Sobre sogras e
madrastas
Elmar Carvalho
O grande
Machado de Assis disse que teria meia dúzia de leitores. Ora, se Machado que
era o Machado dizia isso, que direi eu? Bem, o fato é que um de meus poucos
leitores, no caso o professor Nelson Rios, de Regeneração, dizendo que amanhã
será o dia do sogro, e que ele gosta muito do seu, o senhor Raimundo Rodrigues
Coimbra, pediu-me escrevesse alguma coisa sobre esse nosso parente por
afinidade.
Inicialmente,
devo dizer que nunca fui dado a escrever poemas de circunstância ou a pedido.

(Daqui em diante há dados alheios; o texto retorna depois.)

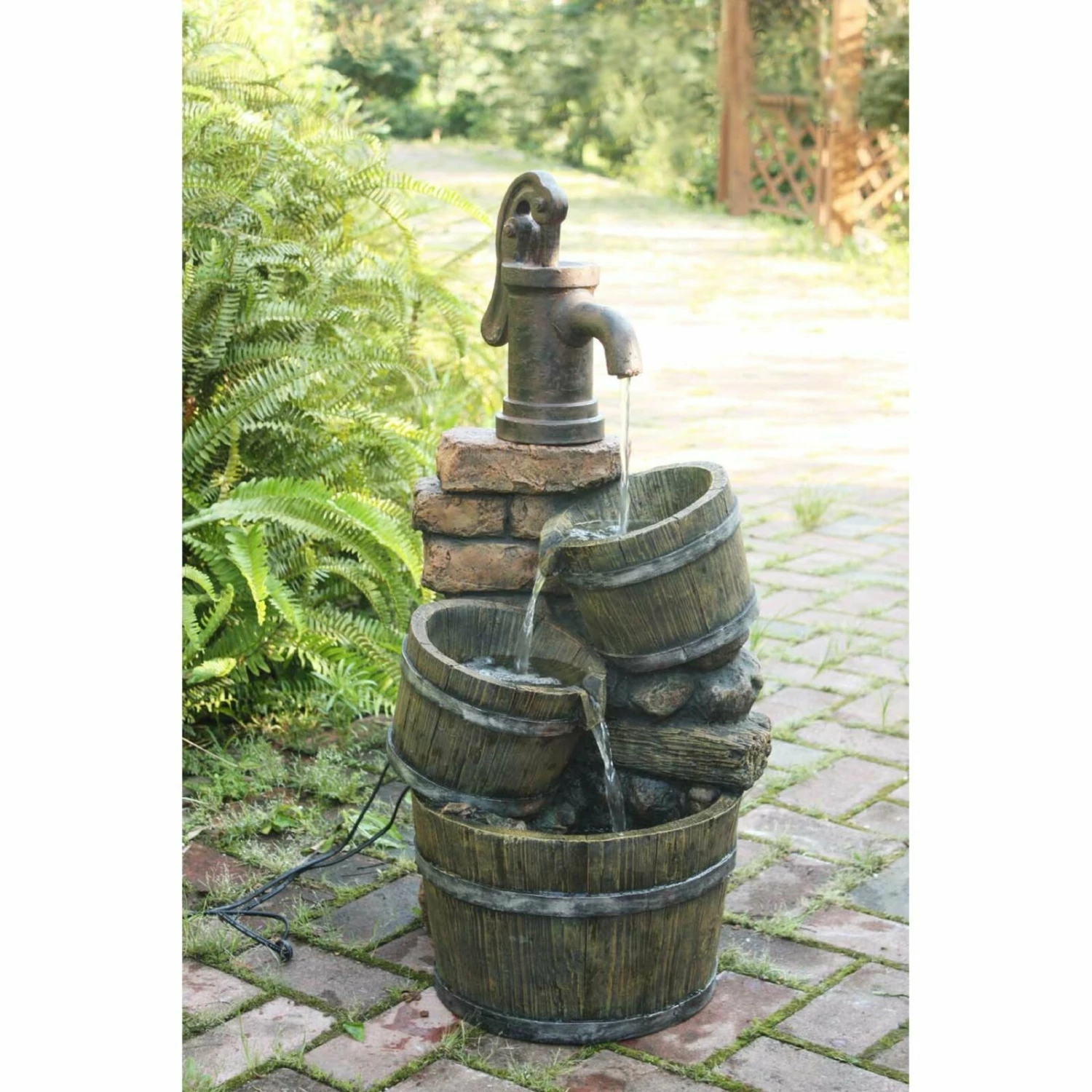 Der Brunnen VENETIEN in einem Mix aus Holz- und Steinoptik mit Kaskade ist eine beliebte Zierde für den Außenbereich sowie den Wintergarten. Der Brunnen ist aus wetterbeständigem Polyresin gefertigt und wird mit einer Elektropumpe ausgeliefert.

Nunca tive habilidade para isso, mas desta feita abrirei uma exceção, mesmo
porque o texto será em prosa. Por falar em parente por afinidade, se realmente
houvesse afinidade, entre genro e sogro, sem dúvida seria uma grande dádiva e
bênção. E se houvesse amizade, melhor ainda.
O fato é que
não escolhemos nossos parentes, simplesmente nascemos em determinada família.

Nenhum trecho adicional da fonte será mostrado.